TASK INSTRUCTIONS
Print the lines from the one containing "在一次學術會議上,筆者請教了" through the end of the listing below, exactly as written. Any pictures stay out.

DATASET SECTION
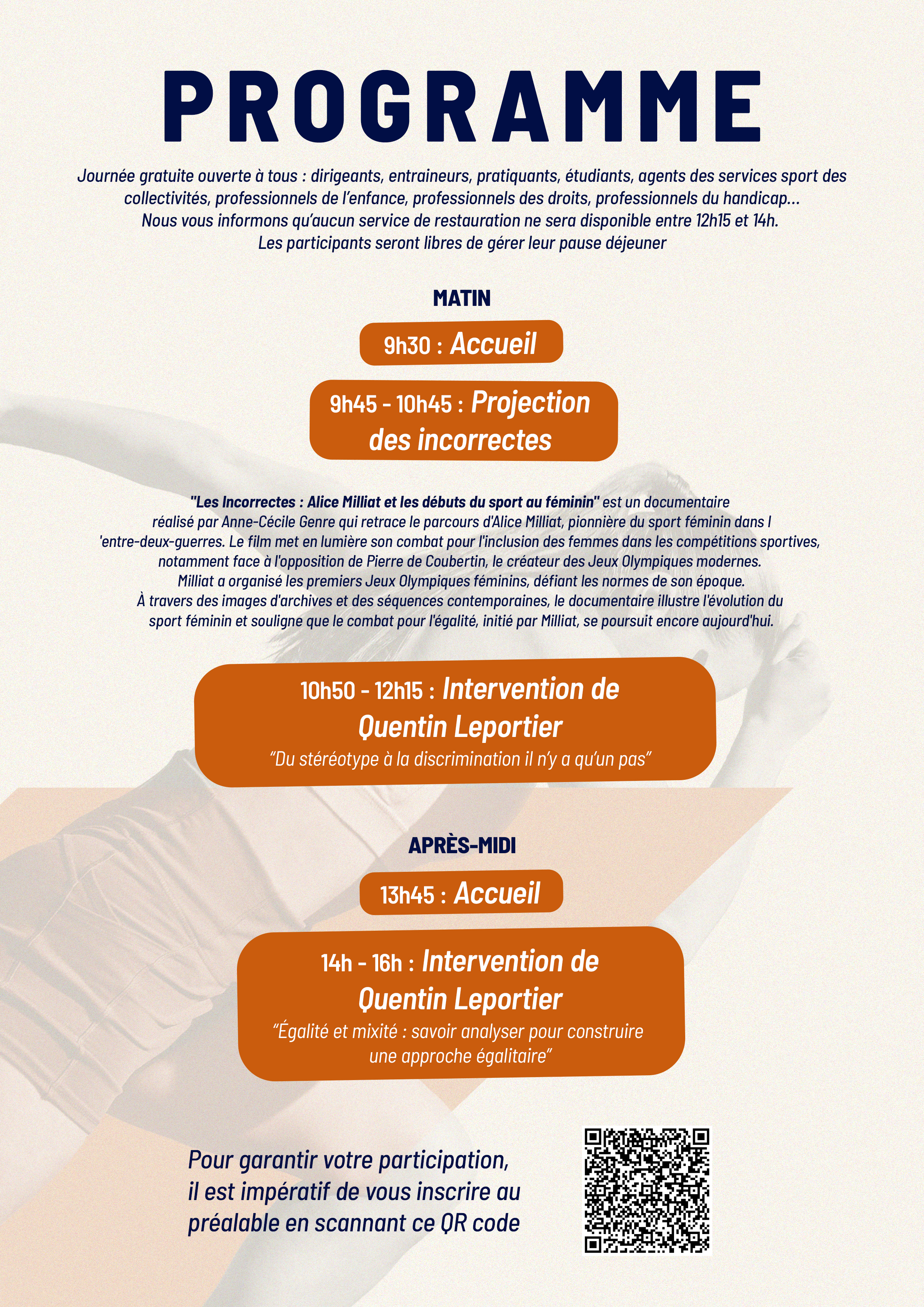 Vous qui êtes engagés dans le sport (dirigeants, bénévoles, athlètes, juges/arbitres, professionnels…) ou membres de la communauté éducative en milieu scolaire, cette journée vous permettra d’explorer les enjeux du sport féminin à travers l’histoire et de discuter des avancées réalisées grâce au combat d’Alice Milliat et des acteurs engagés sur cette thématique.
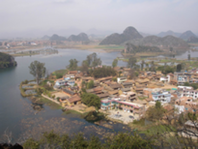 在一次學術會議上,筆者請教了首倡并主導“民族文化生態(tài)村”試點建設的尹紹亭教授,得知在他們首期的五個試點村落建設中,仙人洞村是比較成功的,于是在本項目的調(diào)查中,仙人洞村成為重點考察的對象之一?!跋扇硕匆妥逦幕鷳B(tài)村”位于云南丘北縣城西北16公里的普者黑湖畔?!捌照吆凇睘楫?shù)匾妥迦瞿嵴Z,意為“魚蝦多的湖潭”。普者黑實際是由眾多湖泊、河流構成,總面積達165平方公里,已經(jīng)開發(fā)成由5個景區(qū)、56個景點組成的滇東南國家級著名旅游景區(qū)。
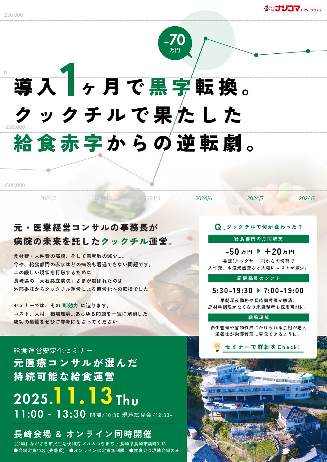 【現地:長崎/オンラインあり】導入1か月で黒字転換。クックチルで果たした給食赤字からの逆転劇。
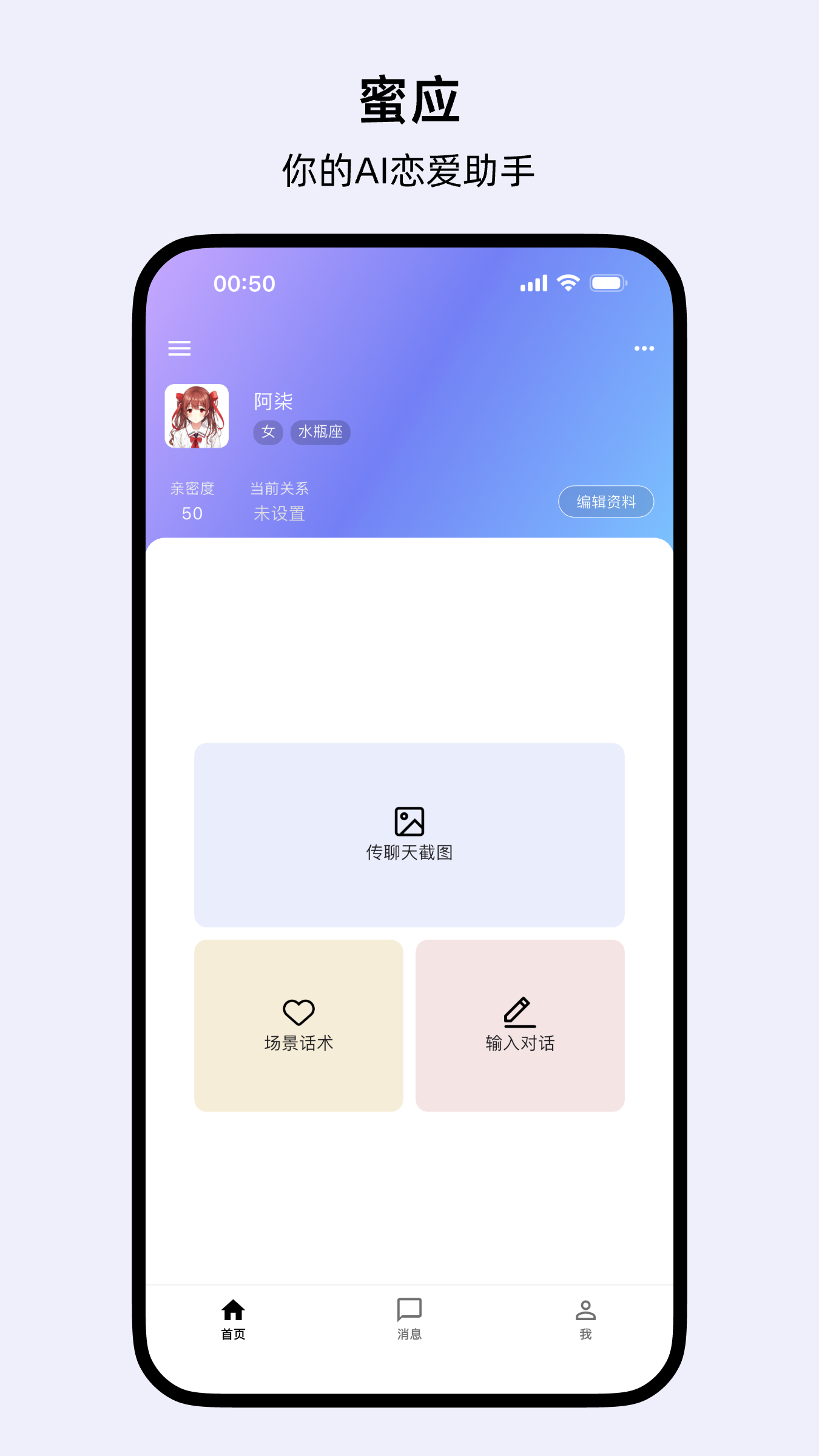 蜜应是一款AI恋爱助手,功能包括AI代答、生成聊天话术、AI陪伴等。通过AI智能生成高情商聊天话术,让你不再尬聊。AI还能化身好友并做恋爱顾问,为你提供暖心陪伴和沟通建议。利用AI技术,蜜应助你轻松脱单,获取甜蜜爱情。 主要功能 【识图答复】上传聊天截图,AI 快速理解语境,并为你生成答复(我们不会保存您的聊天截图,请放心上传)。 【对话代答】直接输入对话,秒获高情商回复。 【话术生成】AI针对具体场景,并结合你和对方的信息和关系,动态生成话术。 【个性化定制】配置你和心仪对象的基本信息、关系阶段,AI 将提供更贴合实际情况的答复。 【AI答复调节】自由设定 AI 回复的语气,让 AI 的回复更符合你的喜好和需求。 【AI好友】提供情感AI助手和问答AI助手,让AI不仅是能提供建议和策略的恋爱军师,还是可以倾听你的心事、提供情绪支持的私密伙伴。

RESPONSE BELOW
 在一次學術會議上,筆者請教了首倡并主導“民族文化生態(tài)村”試點建設的尹紹亭教授,得知在他們首期的五個試點村落建設中,仙人洞村是比較成功的,于是在本項目的調(diào)查中,仙人洞村成為重點考察的對象之一?!跋扇硕匆妥逦幕鷳B(tài)村”位于云南丘北縣城西北16公里的普者黑湖畔?!捌照吆凇睘楫?shù)匾妥迦瞿嵴Z,意為“魚蝦多的湖潭”。普者黑實際是由眾多湖泊、河流構成,總面積達165平方公里,已經(jīng)開發(fā)成由5個景區(qū)、56個景點組成的滇東南國家級著名旅游景區(qū)。
 【現地:長崎/オンラインあり】導入1か月で黒字転換。クックチルで果たした給食赤字からの逆転劇。
 蜜应是一款AI恋爱助手,功能包括AI代答、生成聊天话术、AI陪伴等。通过AI智能生成高情商聊天话术,让你不再尬聊。AI还能化身好友并做恋爱顾问,为你提供暖心陪伴和沟通建议。利用AI技术,蜜应助你轻松脱单,获取甜蜜爱情。 主要功能 【识图答复】上传聊天截图,AI 快速理解语境,并为你生成答复(我们不会保存您的聊天截图,请放心上传)。 【对话代答】直接输入对话,秒获高情商回复。 【话术生成】AI针对具体场景,并结合你和对方的信息和关系,动态生成话术。 【个性化定制】配置你和心仪对象的基本信息、关系阶段,AI 将提供更贴合实际情况的答复。 【AI答复调节】自由设定 AI 回复的语气,让 AI 的回复更符合你的喜好和需求。 【AI好友】提供情感AI助手和问答AI助手,让AI不仅是能提供建议和策略的恋爱军师,还是可以倾听你的心事、提供情绪支持的私密伙伴。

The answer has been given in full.